揭示河流溶解有机质（DOM）的来源、组成和去向，是理解水生生态系统生物地球化学循环的基础。本研究旨在揭示土地利用和污水处理厂对河流DOM的影响。研究了汉江上游干流15条支流河网中DOM分子特征的时空变化特征。分析了不同土地利用方式土壤渗滤液和污水处理厂出水DOM的分子特征差异，并利用FEAST模型计算了干湿季节土壤渗滤液和污水处理厂出水DOM对河流DOM的贡献。土壤渗滤液中的DOM主要由木质素、蛋白质和类脂化合物组成，污水处理厂出水中的DOM以木质素和单宁类化合物为主。FEAST模型计算的各土地利用方式土壤渗滤液贡献率与流域各土地利用方式面积占比呈显著的正线性相关。各土地利用对河流DOM的面积贡献率依次为草地和草地；森林在;两个季节都适合耕种。支流上游的DOM对下游DOM分子组成的贡献超过50%，而污水处理厂出水对河流DOM的贡献不超过3%。结果表明，FEAST模型可用于基于分子指纹数据的河流DOM来源识别。因此，本研究为流域内碳循环和生态健康提供了新的认识。

本文章由计算机程序翻译，如有差异，请以英文原文为准。

查看原文本刊更多论文

Unravelling riverine dissolved organic matter sources using molecular fingerprints and FEAST model in a multi-tributary mountain river basin

Revealing the sources, composition and fate of riverine dissolved organic matter (DOM) is fundamental to understanding the biogeochemical cycles of aquatic ecosystems. This study aimed to reveal the impact of land uses and wastewater treatment plants (WWTPs) on riverine DOM. Spatiotemporal variations in molecular characteristics of riverine DOM in the river network containing 15 tributaries in the mainstream of upper Hanjiang River were studied. Differences in molecular characteristics of DOM in soil leachates of various land uses and the effluent of WWTPs were analyzed and their contributions to riverine DOM in both dry and wet seasons were calculated using FEAST model.

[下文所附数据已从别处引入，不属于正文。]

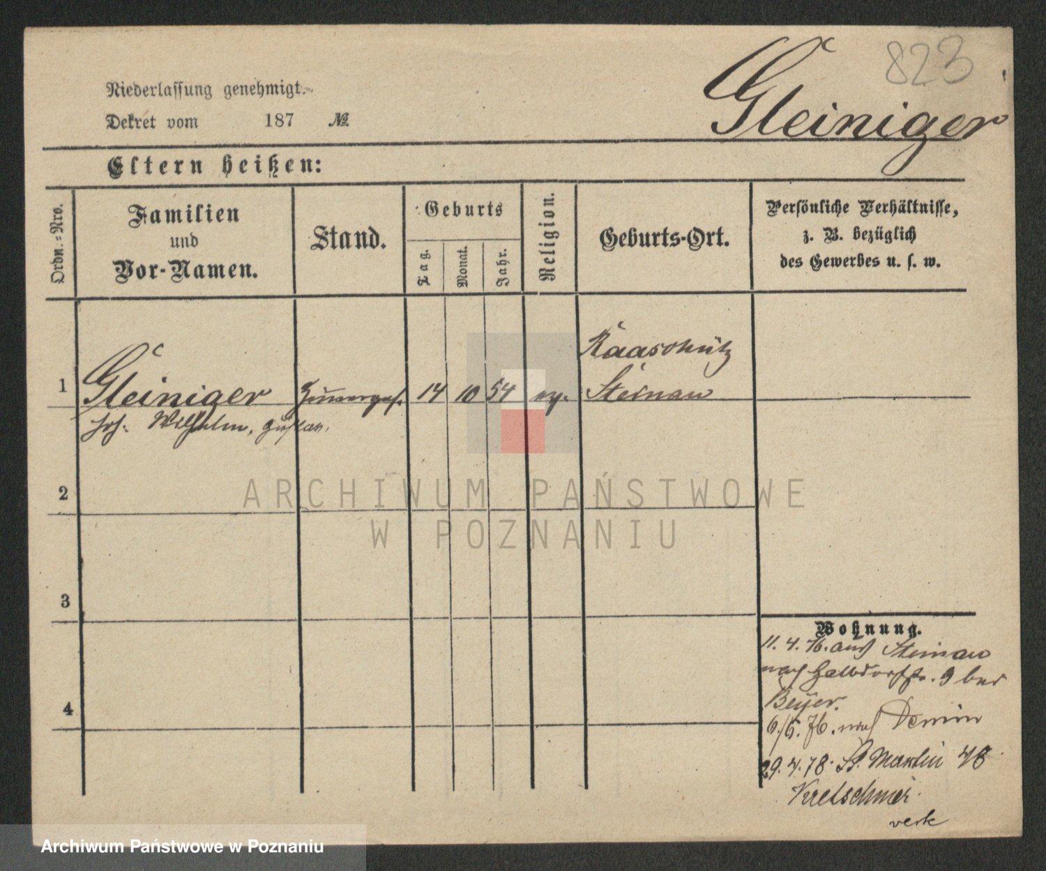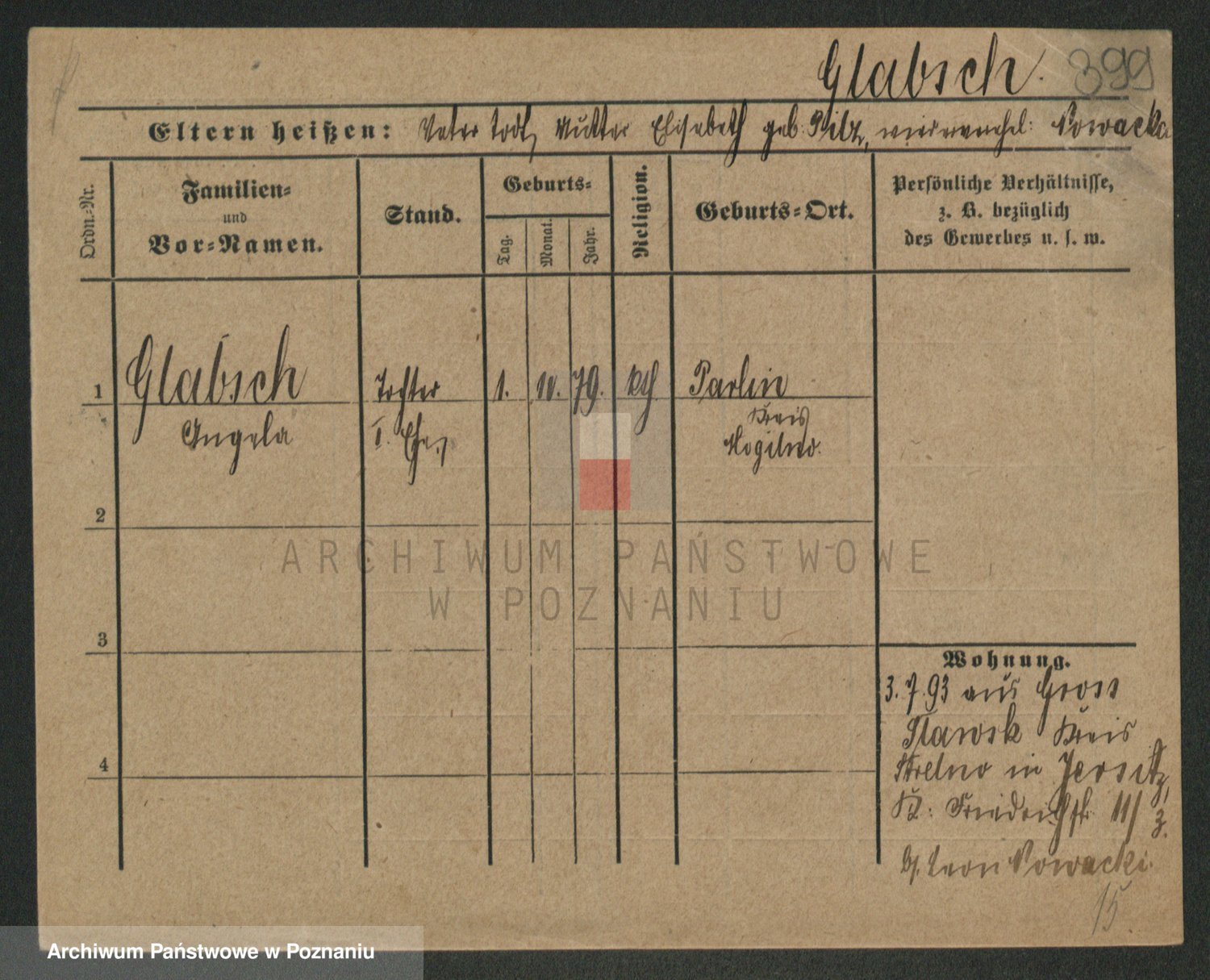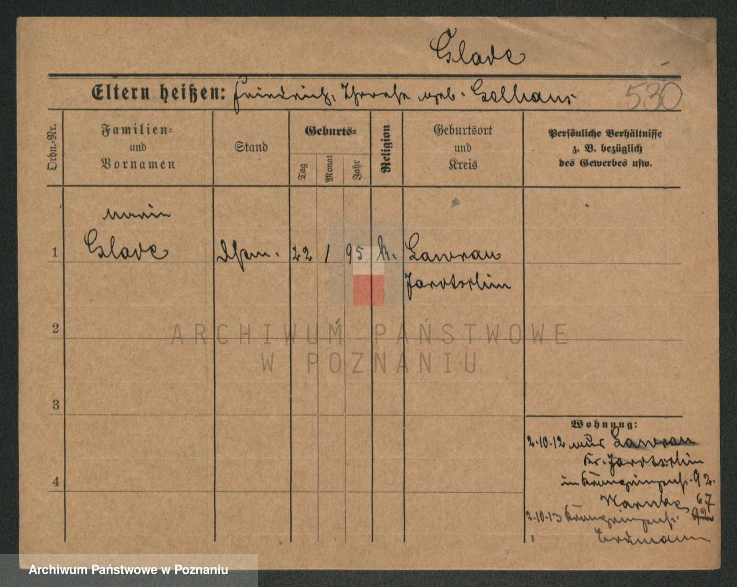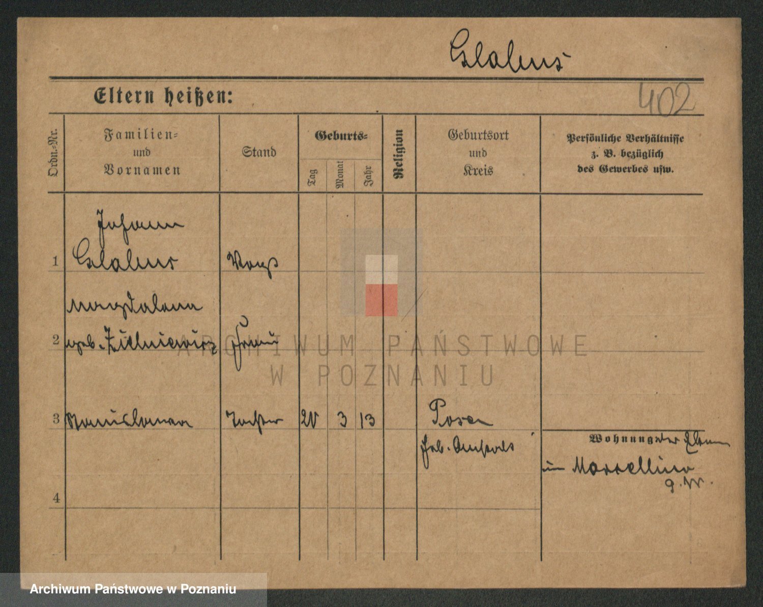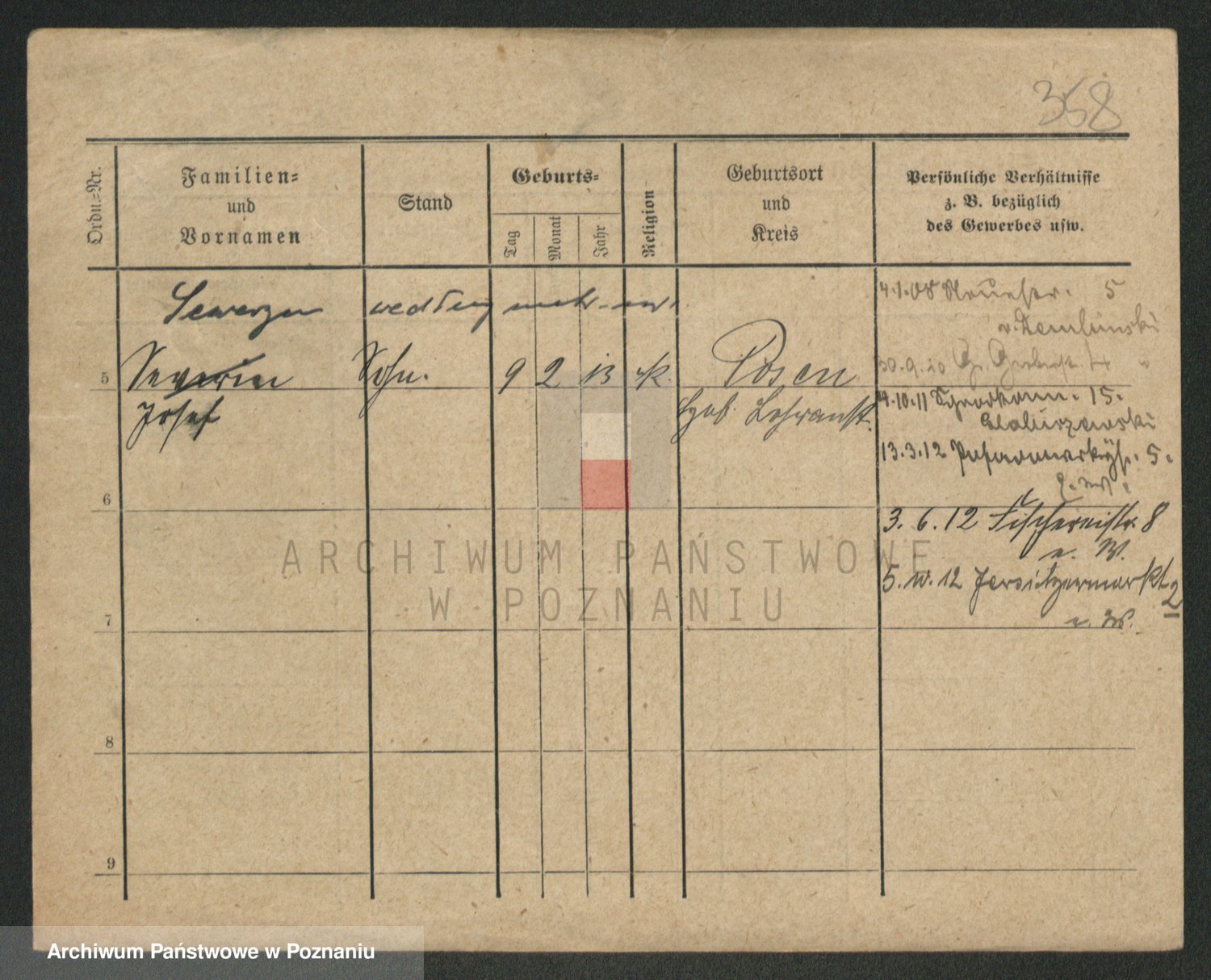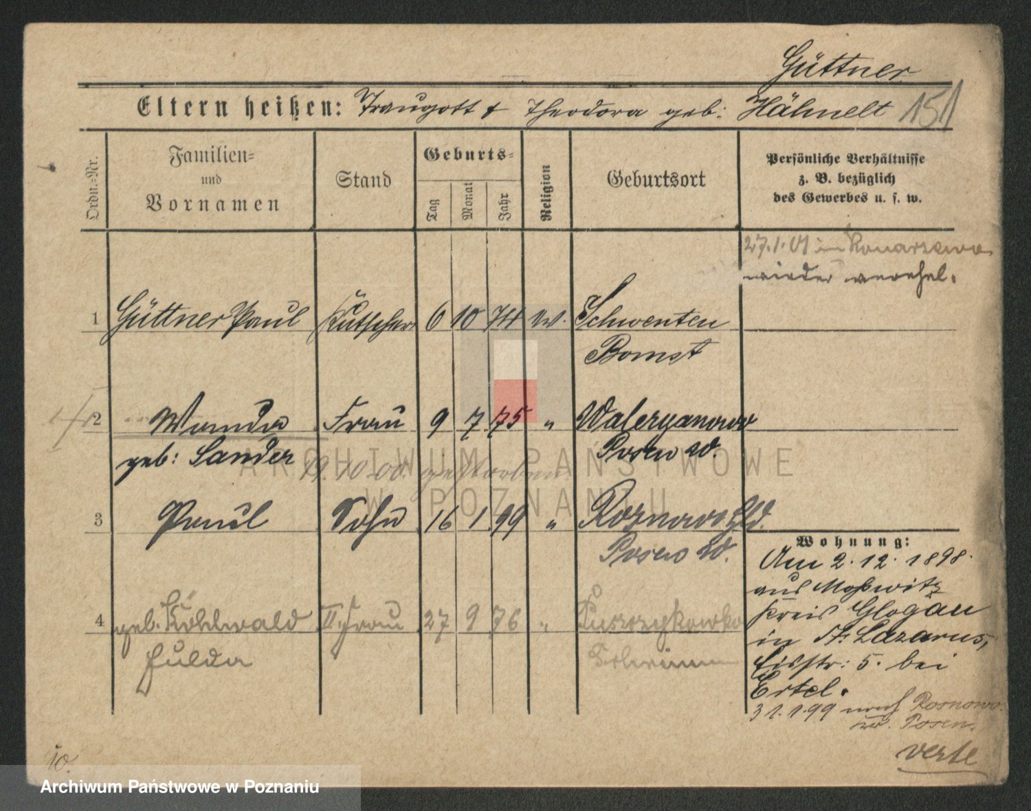 Podgląd karty osobowej dostępny jest po kliknięciu na nazwisko lub ikonkę karty. Można dokonywać powiększenia (ikony na górze) lub przechodzić między kolejnymi skanami (strzałki po bokach).

DOM in soil leachates was primarily composed of lignin, protein and lipid-like compounds but was dominated by lignin and tannin-like compounds in the effluent of WWTPs. Contribution rates of the soil leachate of each land use calculated by FEAST model showed a significant positive linear correlation with the area-based proportion of each land use in the basins of tributaries. Contributions of area-based proportion of each land use to riverine DOM followed the order of grassland > forest > cropland for both seasons. DOM in the upstream of tributaries contributed more than 50 % to the molecular composition of DOM in the downstream of tributaries but the contribution of the effluent of WWTPs to riverine DOM did not exceed 3 %. These results demonstrated that FEAST model could be used for source identification of riverine DOM based on molecular fingerprint data. Accordingly, this study provides new insights into the carbon cycling and ecological health within the watershed.

求助全文

通过发布文献求助，成功后即可免费获取论文全文。去求助

来源期刊

Water Research 环境科学-工程：环境

CiteScore

20.80

自引率

9.40%

发文量

1307

审稿时长

38 days

期刊介绍： Water Research, along with its open access companion journal Water Research X, serves as a platform for publishing original research papers covering various aspects of the science and technology related to the anthropogenic water cycle, water quality, and its management worldwide. The audience targeted by the journal comprises biologists, chemical engineers, chemists, civil engineers, environmental engineers, limnologists, and microbiologists. The scope of the journal include: •Treatment processes for water and wastewaters (municipal, agricultural, industrial, and on-site treatment), including resource recovery and residuals management; •Urban hydrology including sewer systems, stormwater management, and green infrastructure; •Drinking water treatment and distribution; •Potable and non-potable water reuse; •Sanitation, public health, and risk assessment; •Anaerobic digestion, solid and hazardous waste management, including source characterization and the effects and control of leachates and gaseous emissions; •Contaminants (chemical, microbial, anthropogenic particles such as nanoparticles or microplastics) and related water quality sensing, monitoring, fate, and assessment; •Anthropogenic impacts on inland, tidal, coastal and urban waters, focusing on surface and ground waters, and point and non-point sources of pollution; •Environmental restoration, linked to surface water, groundwater and groundwater remediation; •Analysis of the interfaces between sediments and water, and between water and atmosphere, focusing specifically on anthropogenic impacts; •Mathematical modelling, systems analysis, machine learning, and beneficial use of big data related to the anthropogenic water cycle; •Socio-economic, policy, and regulations studies.